[[ Information provided, beginning ]]

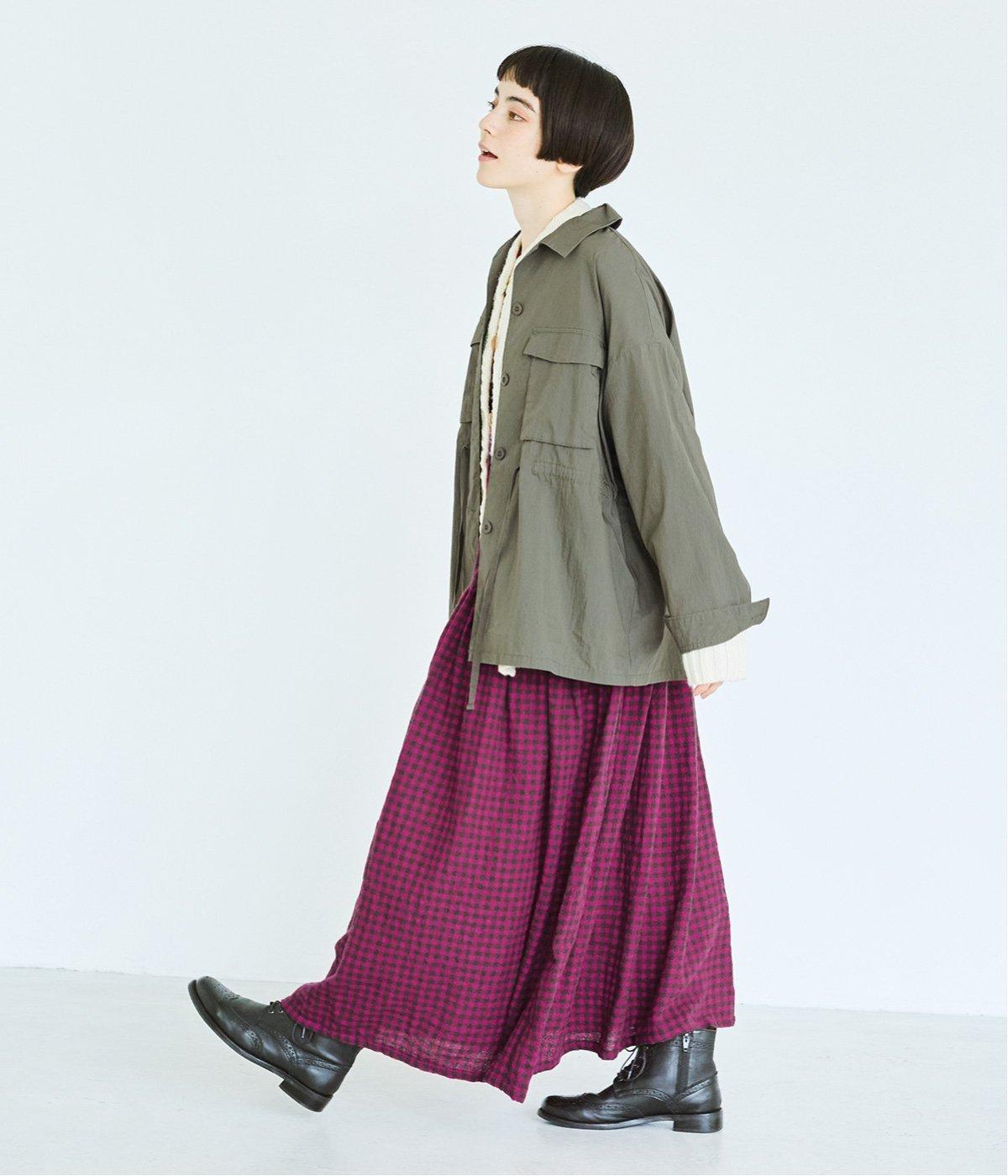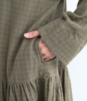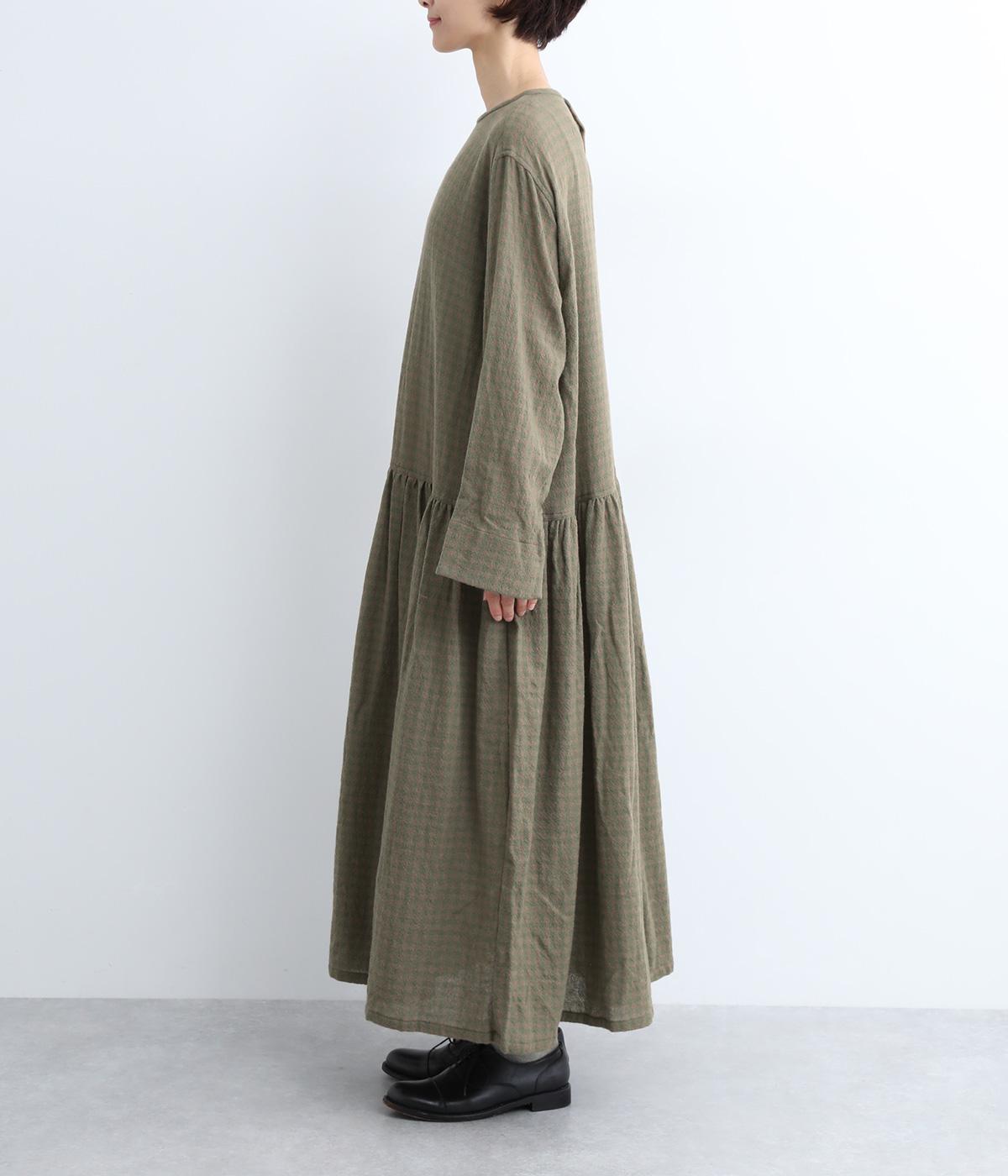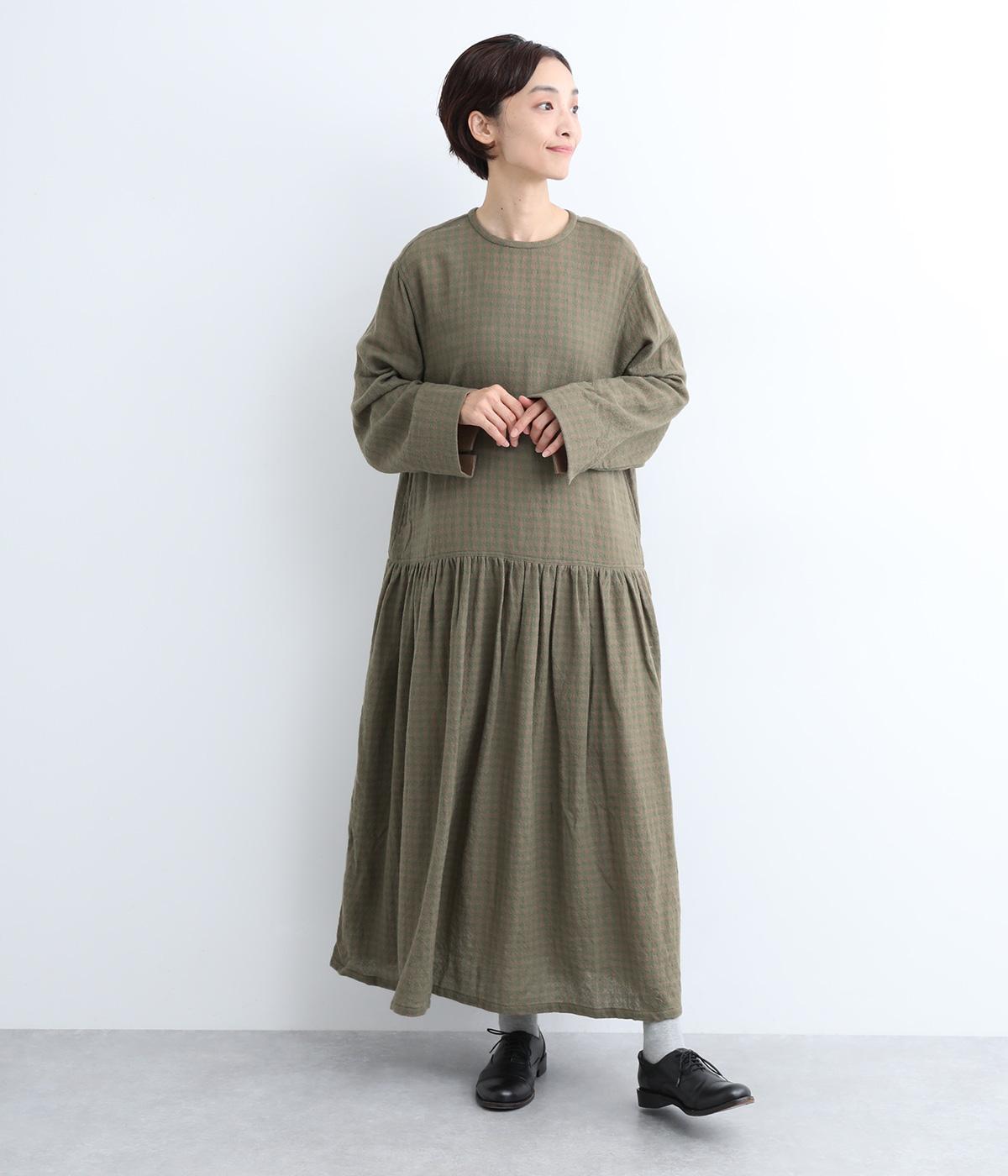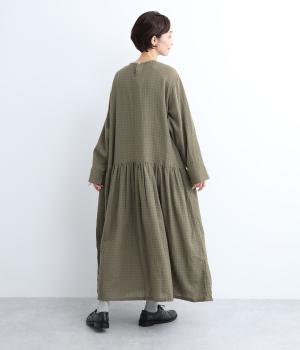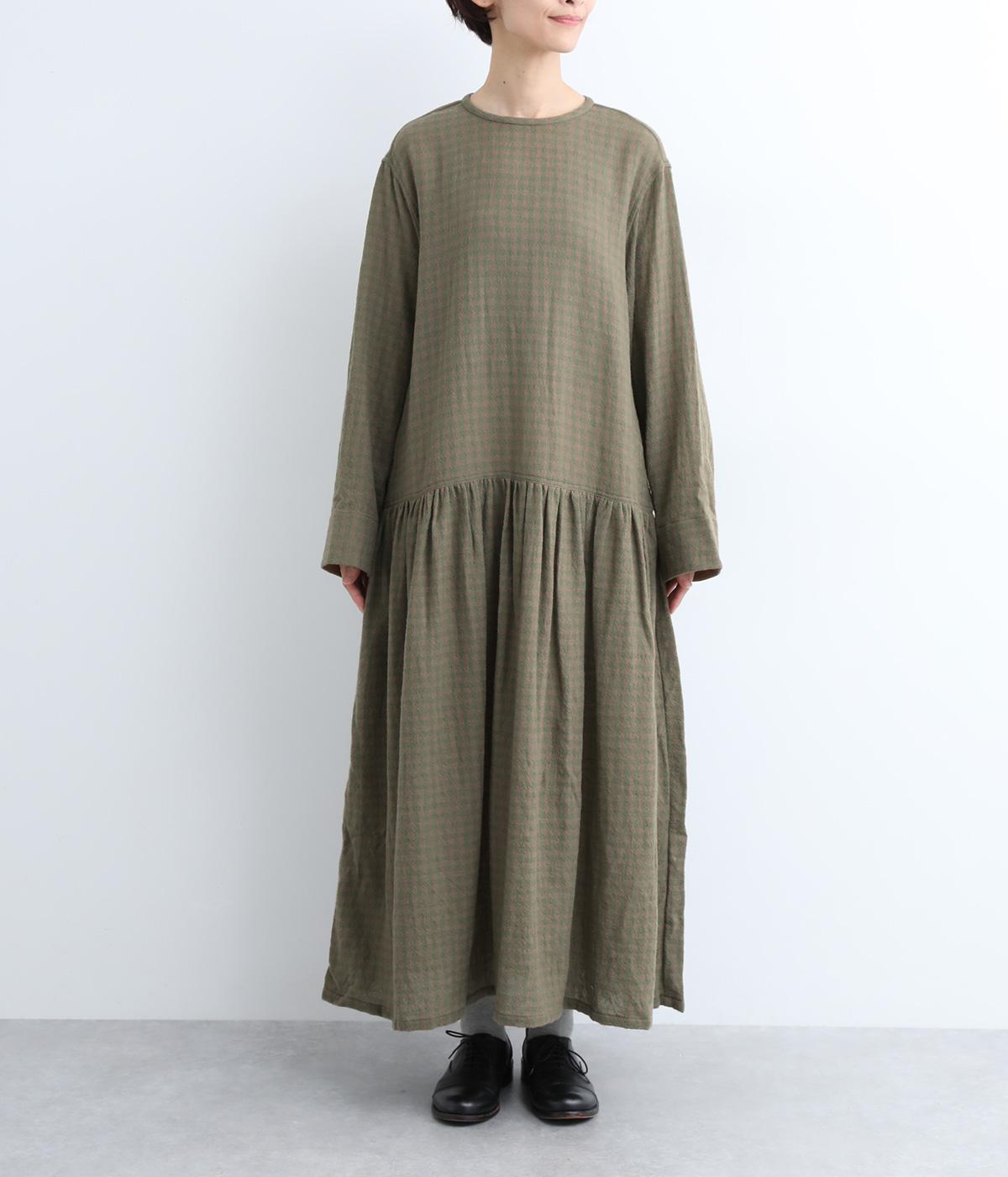 起毛感とチェック柄が表情豊かで、一枚着でスタイリングが完成する着映え力のあるワンピース。ギャザーでフレア感を出し、低めの位置で切り替えてリラックス感を演出。袖裏は無地の綿生地で、折り返してチラ見せするとちょうどいいアクセントに。
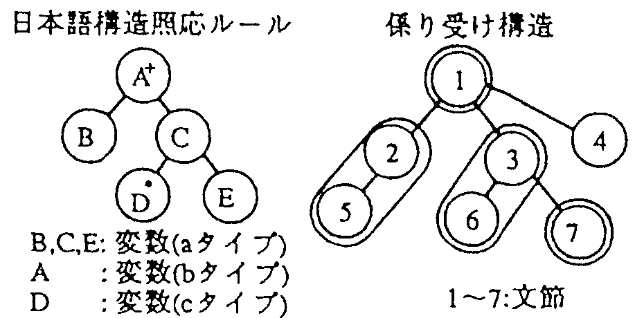 係り受け関係は、各ノードに文節がある本構造として表現できる。 これと照応できるように、各ノードに変数を持つルールを用意する。 変数の値は係り受け木構造の一部分である。各ルールはそれぞれが英文生成規則を持つ。
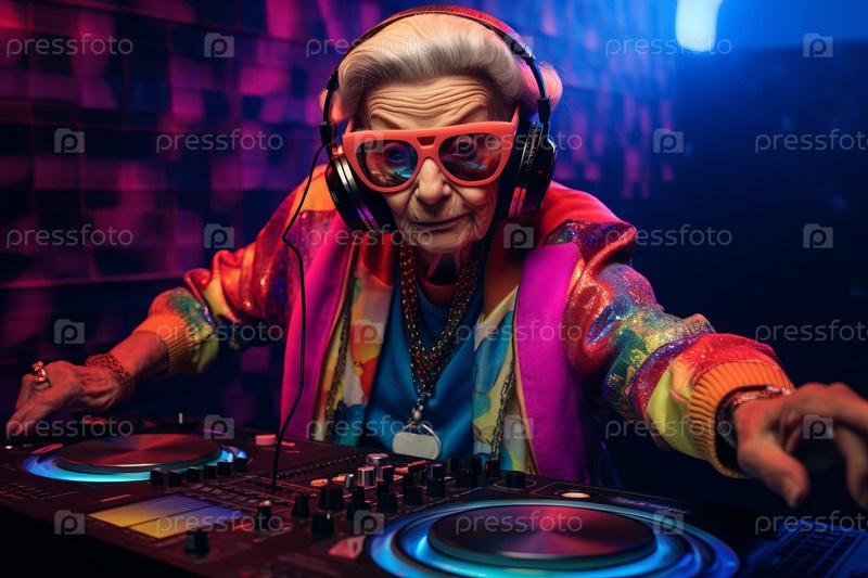 Удивительная бабушка-диджей, пожилая дама, диджей и тусовщица в стиле диско

[[ Information provided, end ]]

• **What the task asks**
When copying, output the data exactly and leave out the pictures.

• **Exercise output**
 起毛感とチェック柄が表情豊かで、一枚着でスタイリングが完成する着映え力のあるワンピース。ギャザーでフレア感を出し、低めの位置で切り替えてリラックス感を演出。袖裏は無地の綿生地で、折り返してチラ見せするとちょうどいいアクセントに。
 係り受け関係は、各ノードに文節がある本構造として表現できる。 これと照応できるように、各ノードに変数を持つルールを用意する。 変数の値は係り受け木構造の一部分である。各ルールはそれぞれが英文生成規則を持つ。
 Удивительная бабушка-диджей, пожилая дама, диджей и тусовщица в стиле диско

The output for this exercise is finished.